(What to produce) Send back the data below exactly. Drop every picture.

(Given data)
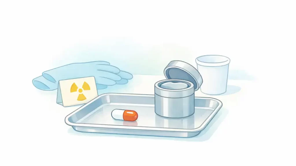 「放射性物質を飲む」と聞いてビビっていたけど、実際はカプセル1個を飲むだけで終了。所要時間は数分。
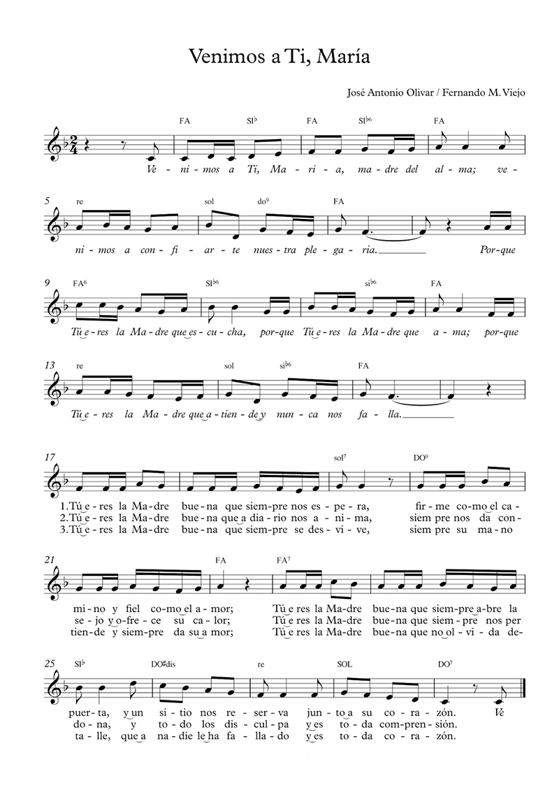 Hoy 24 de mayo, día María Auxiliadora , queremos compartir con ustedes uno de los cantos más bonitos del repertorio popular católico: Venimos a ti María, firmada por José Antonio Olivar y Fernando M. Viejo, un bello homenaje en este día de especialísima celebración mariana.
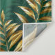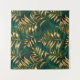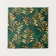 Seamless pattern of gold, jewelry, shiny fern branches and leaves on green, woodland, textured background. Golden fern.
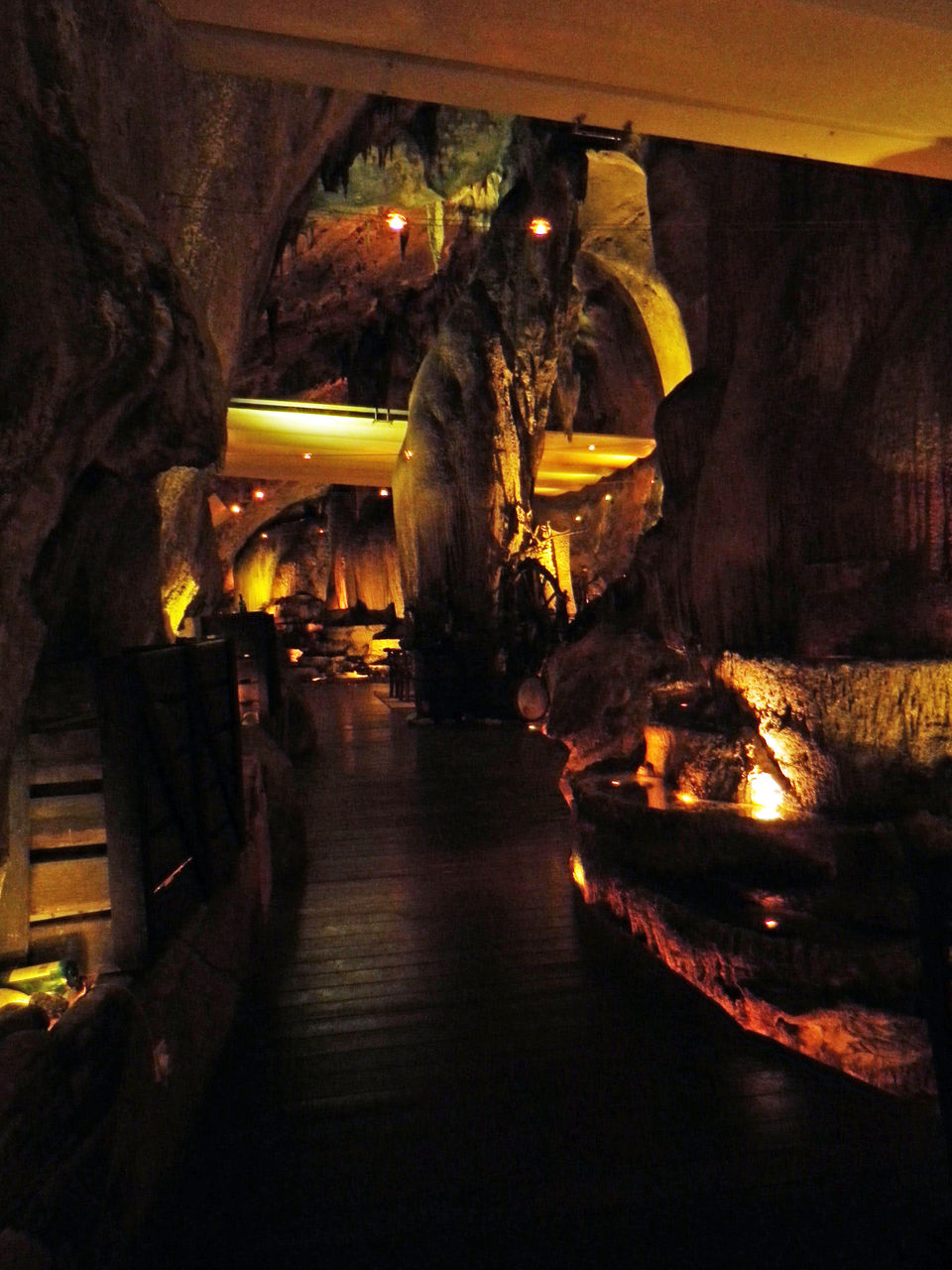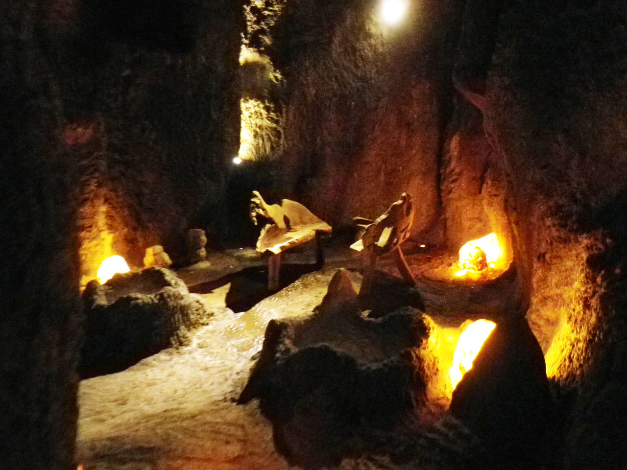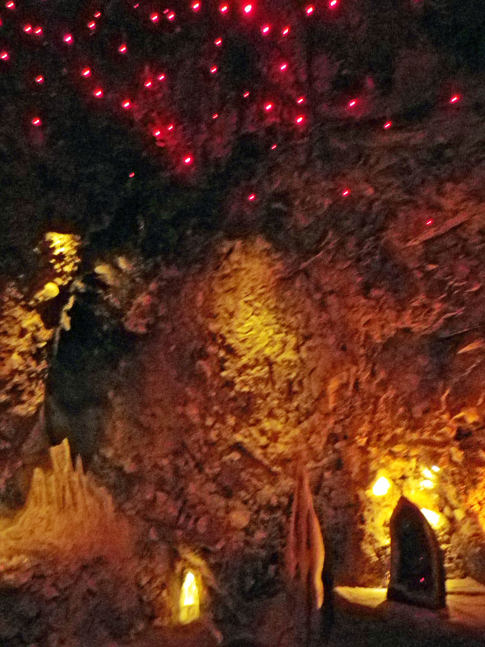 洞窟の中には、水晶とアメジストがはめ込まれたり、どんっと置かれています

(Exercise output)
 「放射性物質を飲む」と聞いてビビっていたけど、実際はカプセル1個を飲むだけで終了。所要時間は数分。
 Hoy 24 de mayo, día María Auxiliadora , queremos compartir con ustedes uno de los cantos más bonitos del repertorio popular católico: Venimos a ti María, firmada por José Antonio Olivar y Fernando M. Viejo, un bello homenaje en este día de especialísima celebración mariana.
 Seamless pattern of gold, jewelry, shiny fern branches and leaves on green, woodland, textured background. Golden fern.
 洞窟の中には、水晶とアメジストがはめ込まれたり、どんっと置かれています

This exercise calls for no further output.